**** INPUT MATERIAL ****

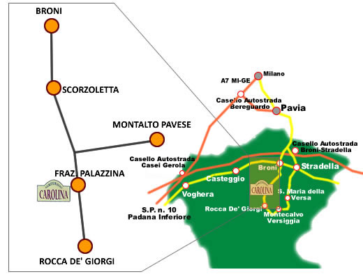 Da OPERA, prendere la superstrada, passare Pieve Emanuele e Melegnano. Uscire a LANDRIANO - PAVIA. Proseguire per Pavia e poi per STRADELLA - BRONI. Arrivati a BRONI, alla prima rotonda girare a destra, direzione CASTEGGIO. Al semaforo e alla seconda rotonda proseguire diritto. Arrivati al semaforo successivo, girare a sinistra in via Eseguiti, seguendo i cartelli per Rocca de'Giorgi. Arrivati in fondo alla strada, girare a destra e proseguire per circa 6 km sino alla Località Palazzina, senza mai lasciare la strada principale.
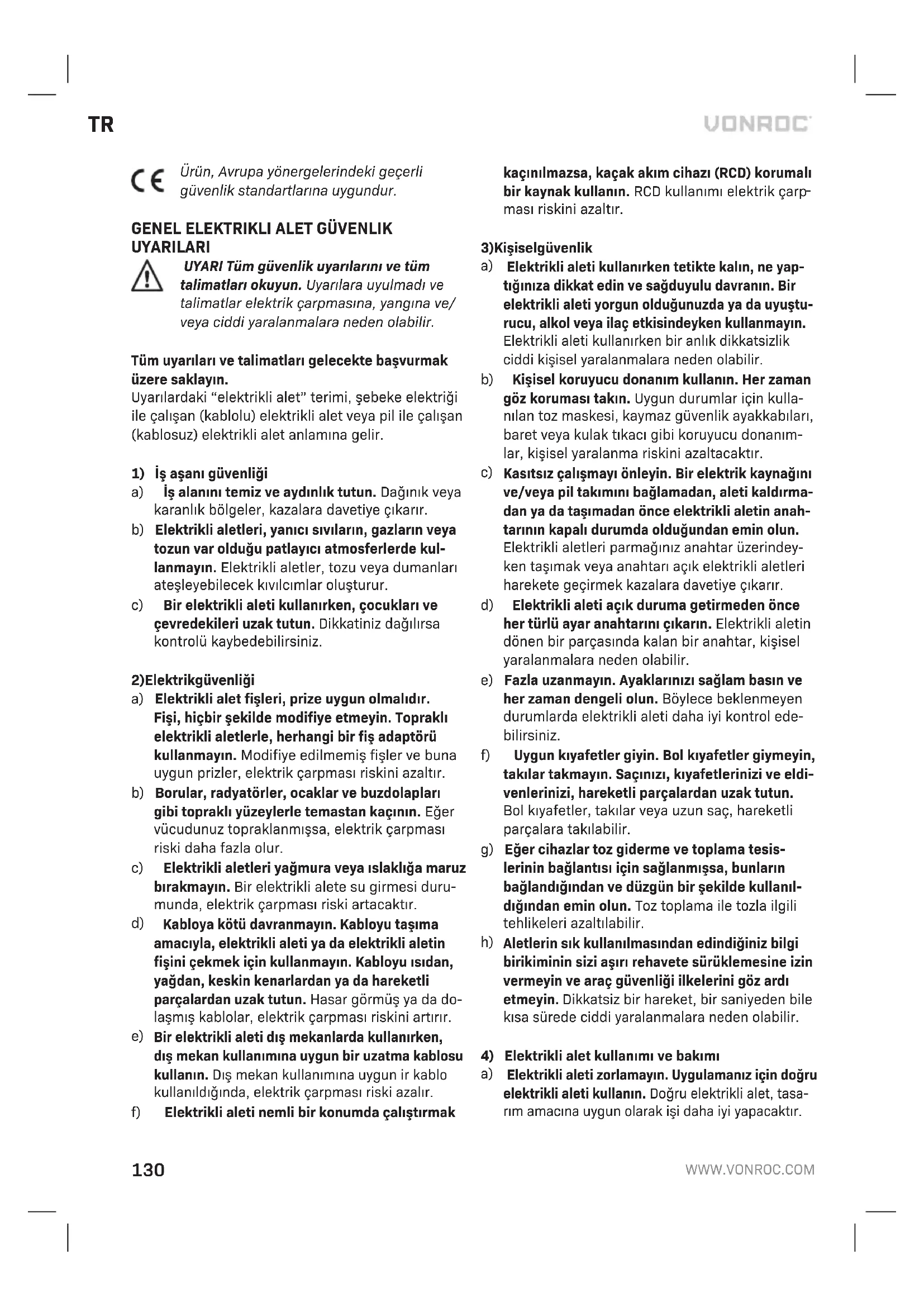 leri kullanmayın. Bunlar gibi kimyasallar sentetik bileşenlere zarar verecektir. ÇEVRE Arızalı ve/veya atılmış elektrkl veya elektro- nk ekpmanların uygun ger dönüşüm konumlarında toplanması gerekr. Yalnızca AT ülkeler çn Elektrkl aletler evsel atık olarak atmayın. Atık Elektrkl ve Elektronk Donanım çn Avrupa İlkeler 2012/19/EU’ya ve bunun yerel hukuk çerçevesnde uygulamasına göre, artık kullanılamaz olan elekt- rkl aletler ayrı olarak toplanmalı ve çevre dostu br yolla mha edlmeldr. GARANTİ VONROC ürünler yüksek kalte standartları doğrul- tusunda gelştrlmştr ve lk satın alımdan tbaren kanunen belrlenen süre boyunca materyal ve şçlk açısından kusursuz olacağı garant edlmektedr. Bu süre zarfında, kusurlu materyal ve/veya şçlkten dolayı üründe herhang br arıza meydana gelmes durumunda, doğrudan VONROC letşm kurun. Takp eden durumlar bu garant kapsamı dışındadır:
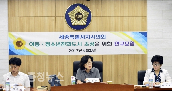세종특별자치시의회(의장 고준일) “아동․청소년친화도시 조성을 위한 연구모임(대표 박영송 의원)”은 26일 행정복지위원회 회의실에서 제4차 간담회를 개최했다.
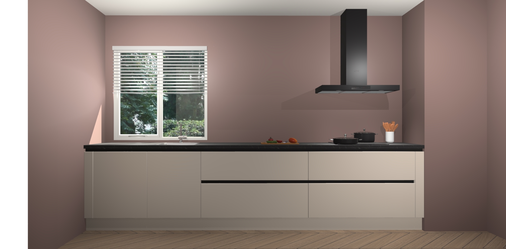 Een stijlvolle en praktische keuken als deze mag gezien worden. Dankzij de prachtige matte afwerking wordt de keuken gemakkelijk het middelpunt van uw huis - hij ziet er geweldig uit onder allerlei lichtomstandigheden, van dag tot nacht!
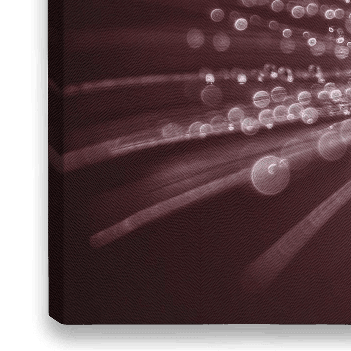 Wassertropfen auf einer Fussel mit Bokeh in roter Tönung
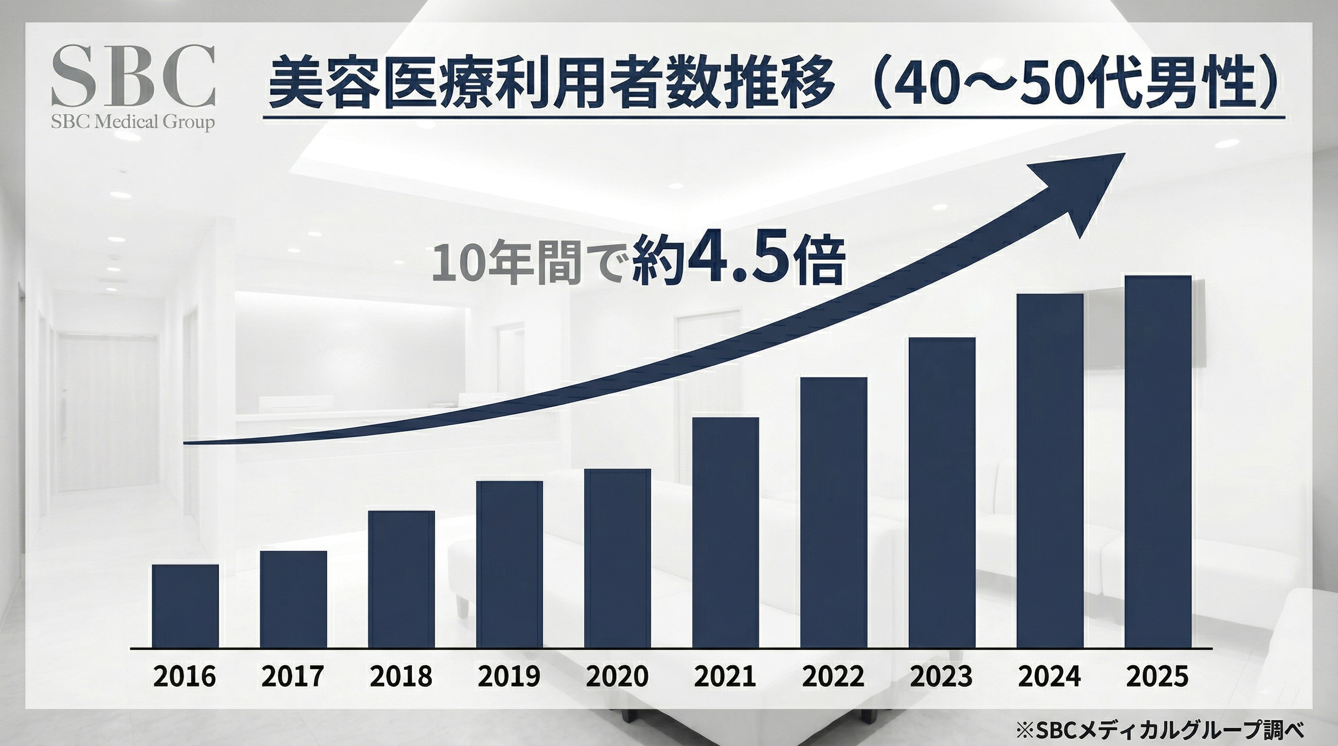 こうした動きは若年層にとどまらず、40〜50代のミドル層男性にも広がっています。湘南美容クリニックをはじめ、SBCが経営支援を行うクリニックにおける同年代男性の利用者数は、過去10年間で
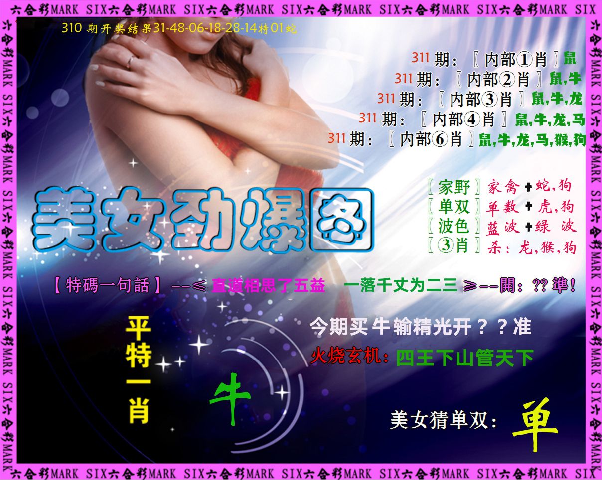 解:明肖马。佳人解羊蛇鸡兔。绿解绿肖牛龙羊狗。天偏看解出的天肖马兔牛龙。玄机诗表达的是帝王微服私访觅得佳人,虽然觅得佳人但还是心系天下。综合得马牛龙兔羊蛇,开兔15

****

WORK INSTRUCTION: The line with "제4차 간담회를 개최했다." ends the range, and the first line of the data begins it; repeat exactly those lines and nothing more, omitting pictures.

SOLUTION FOR THIS TASK:
 Da OPERA, prendere la superstrada, passare Pieve Emanuele e Melegnano. Uscire a LANDRIANO - PAVIA. Proseguire per Pavia e poi per STRADELLA - BRONI. Arrivati a BRONI, alla prima rotonda girare a destra, direzione CASTEGGIO. Al semaforo e alla seconda rotonda proseguire diritto. Arrivati al semaforo successivo, girare a sinistra in via Eseguiti, seguendo i cartelli per Rocca de'Giorgi. Arrivati in fondo alla strada, girare a destra e proseguire per circa 6 km sino alla Località Palazzina, senza mai lasciare la strada principale.
 leri kullanmayın. Bunlar gibi kimyasallar sentetik bileşenlere zarar verecektir. ÇEVRE Arızalı ve/veya atılmış elektrkl veya elektro- nk ekpmanların uygun ger dönüşüm konumlarında toplanması gerekr. Yalnızca AT ülkeler çn Elektrkl aletler evsel atık olarak atmayın. Atık Elektrkl ve Elektronk Donanım çn Avrupa İlkeler 2012/19/EU’ya ve bunun yerel hukuk çerçevesnde uygulamasına göre, artık kullanılamaz olan elekt- rkl aletler ayrı olarak toplanmalı ve çevre dostu br yolla mha edlmeldr. GARANTİ VONROC ürünler yüksek kalte standartları doğrul- tusunda gelştrlmştr ve lk satın alımdan tbaren kanunen belrlenen süre boyunca materyal ve şçlk açısından kusursuz olacağı garant edlmektedr. Bu süre zarfında, kusurlu materyal ve/veya şçlkten dolayı üründe herhang br arıza meydana gelmes durumunda, doğrudan VONROC letşm kurun. Takp eden durumlar bu garant kapsamı dışındadır:
세종특별자치시의회(의장 고준일) “아동․청소년친화도시 조성을 위한 연구모임(대표 박영송 의원)”은 26일 행정복지위원회 회의실에서 제4차 간담회를 개최했다.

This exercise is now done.